BEETHOVEN: String Quartet No. 4 in C Minor, Op. 18, No. 4 (arr. Lieberman); SHOSTAKOVICH: String Quartet No. 12 (arr. Lieberman); SARASATE: Caprice Basque; Romanza Andaluza; Ziguenerweisen (arr. Chase) – The American String Project – MSR Classics

by | Sep 21, 2007 | Classical CD Reviews | 0 comments

BEETHOVEN: String Quartet No. 4 in C Minor, Op. 18, No. 4 (arr. Lieberman); SHOSTAKOVICH: String Quartet No. 12, Op. 133 (arr. Lieberman); SARASATE: Caprice Basque, Op. 24; Romanza Andaluza; Ziguenerweisen, Op. 20 (arr. Chase) – The American String Project – MSR Classics MS 1226, 73:07  [Distrib. Albany] ****:

The American String Project is a conductorless ensemble of fifteen players who gather–and rotate their respective positions in democratic fashion to include all assignments from first to last chair–in Seattle to play chamber music as a slightly-enhanced medium of expression, recorded here 8 June 2006 at Illsley Ball Nordstrom Recital Hall, Benaroya Hall, Seattle, Washington. Among the personnel are Stephanie Chase, violin and Toby Appel, viola, and Barry Lieberman, double-bass. The sound product hums seamlessly through a program of Beethoven, Shostakovich, and Sarasate, both intimate and virtuosic at once.

The Beethoven C Minor enjoys a muscular, lithe realization under leader Eriko Sato. Forward motion is the order of the performance, and the two interior movements gain authority and girth in the arrangement for 15 strings. The dark, deep colors of the lower strings add a romantic ethos to Beethoven’s natural tendency to make C Minor a surging modality of expression. The playful sinews of the final Allegro in this medium align Beethoven both with Rossini’s string sonatas and the later string serenades of Dvorak and Suk.

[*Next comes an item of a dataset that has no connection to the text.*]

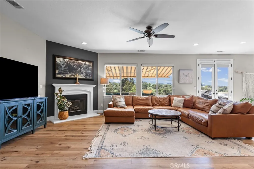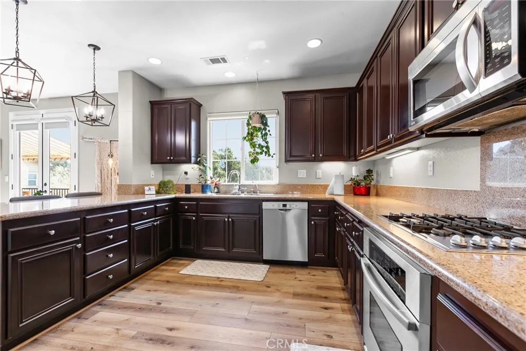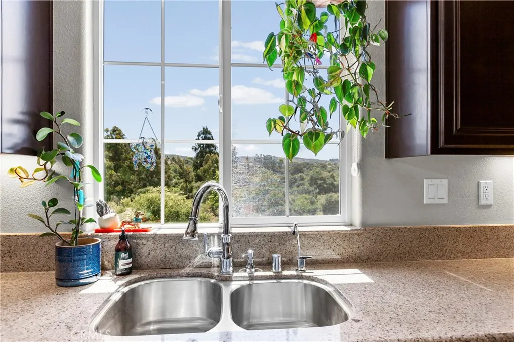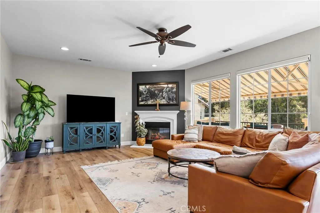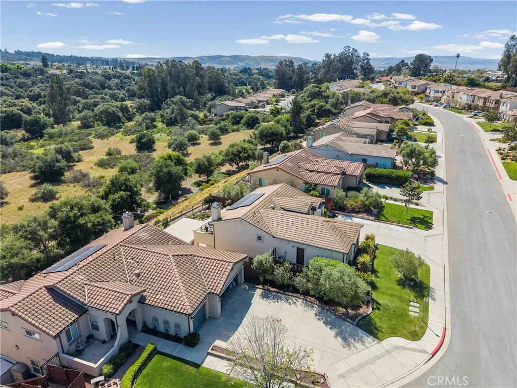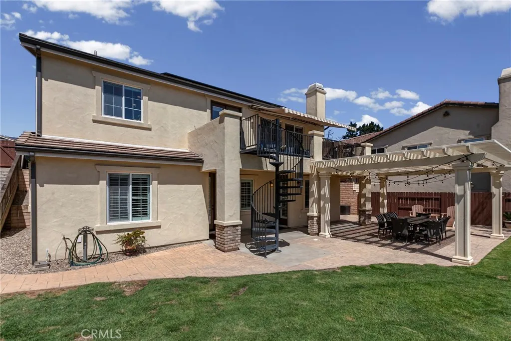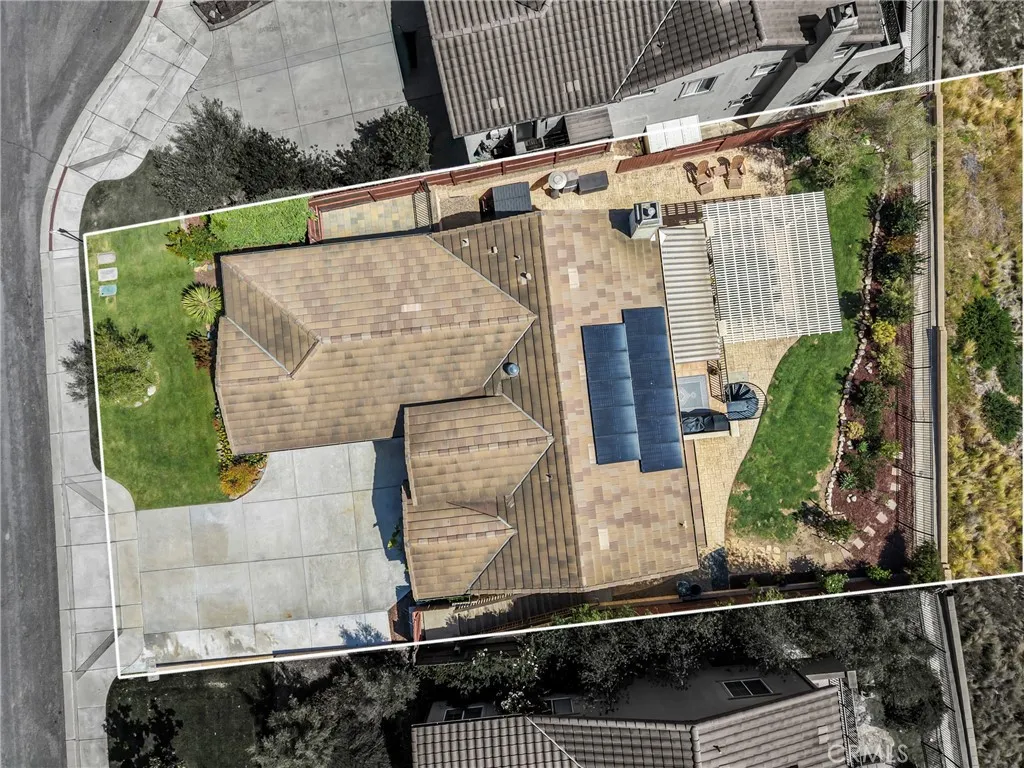 Welcome to this beautifully upgraded home located on a premium view lot with no rear neighbors, offering privacy and stunning open space views. This 3-bedroom, 2.5 bath home features approximately 2,396 sq ft of thoughtfully designed living space with an open-concept layout perfect for modern living. The interior showcases wide plank flooring, spacious living areas, and a well-appointed kitchen with ample cabinetry, granite countertops, and stainless steel appliances. Natural light pours in through large windows, creating a warm and inviting atmosphere throughout. Thoughtfully designed floor plan featuring an open-concept main level and a private upstairs layout with all bedrooms conveniently situated together. Each bedroom offers direct private access to outdoor space, creating a rare indoor-outdoor living experience. The primary suite includes a generous walk-in closet, and the home offers additional storage, including space beneath the staircase. Step outside to your private backyard retreat, complete with a covered pergola, expansive stamped concrete patio, and beautifully landscaped yard with avocado and citrus trees perfect for entertaining or relaxing while enjoying the peaceful surroundings. The elevated balcony and spiral staircase enhance an expansive stamped-concrete patio and an indoor-outdoor lifestyle. Additional features include a dedicated outdoor tool shed for extra storage or workspace, and energy-efficient living with fully PAID-OFF solar and 2 electric heaters. Don’t miss this rare opportunity to own a home with a premium lot, exceptional outdoor living space, and standout features throughout.

Leader Maria Larionoff, violin shapes the massive Twelfth Quartet of Dmitri Shostakovich, whose two-movement structure resembles Beethoven’s Op. 111 Piano Sonata. Julie Albers and Joseph Gottesman provide the respective cello and violin soli. Gloomy and winding its intricate ways, the opening Moderato–Allegretto appears to borrow a weaving motif or two from Bach’s chorale on Adam’s Fall. The huge Allegretto which follows comprises an amalgam of musical styles, not the least of which derive from the unlikely poles of Tchaikovsky and Bartok. Like Barshai’s arrangement of the Eighth Quartet, Lieberman’s distribution of parts amplifies Shostakovich’s angular polyphony and sullen, martial pessimism. When the texture thins, we hear echoes of Stravinsky’s neoclassic ballets, Orpheus and Apollo. 

After having been raised on Ricci, Milstein, and Haendel on the music of Sarasate, it proved a bit startling to hear his solo gypsy music performed en masse and unisono by a large string ensemble. The effect is slightly Hollywood – a virtuosic, if rustic, soundtrack for a John Huston Western, maybe a Western from the spaghetti perspective. The Romanza works nicely, one of the Spanish Dances with a lazy, sensuous, spirited gait.